* [Directions]: Pictures do not belong in your copy. Repeat all the other data exactly.

* [Collected material]:
........

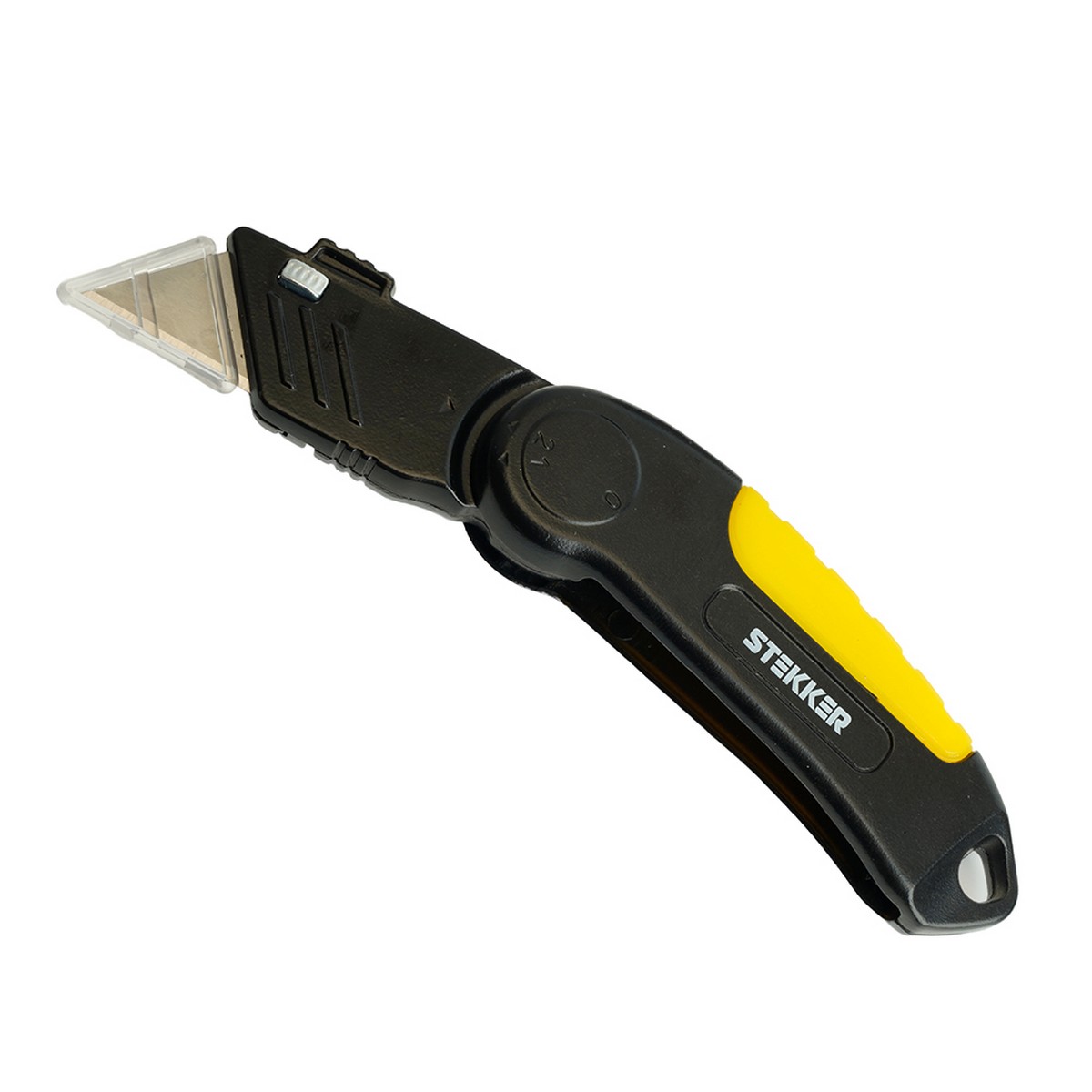 KMU-11-T Нож строительно-монтажный с трапециевидным лезвием, 19 мм, 1 лезвие в рукоятке, STEKKER
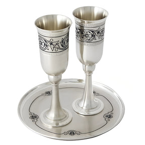 Exklusives Schnapsgläser Set mit Serviertablett im Niello Stil
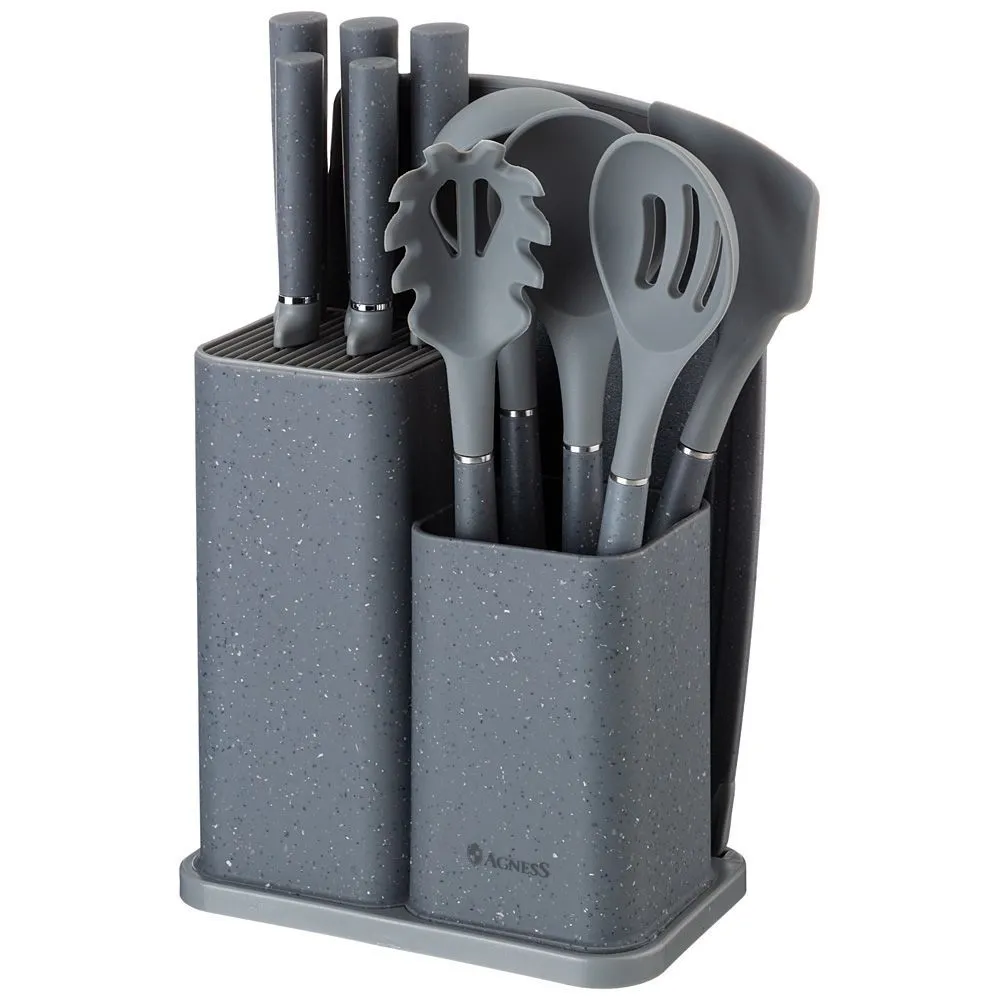 Набор из 12пр: 5 ножей, доска, подставка, половник, ложка, лопатка, шумовка, ложка цвет agne 671-201

........

* [Response area]:
 KMU-11-T Нож строительно-монтажный с трапециевидным лезвием, 19 мм, 1 лезвие в рукоятке, STEKKER
 Exklusives Schnapsgläser Set mit Serviertablett im Niello Stil
 Набор из 12пр: 5 ножей, доска, подставка, половник, ложка, лопатка, шумовка, ложка цвет agne 671-201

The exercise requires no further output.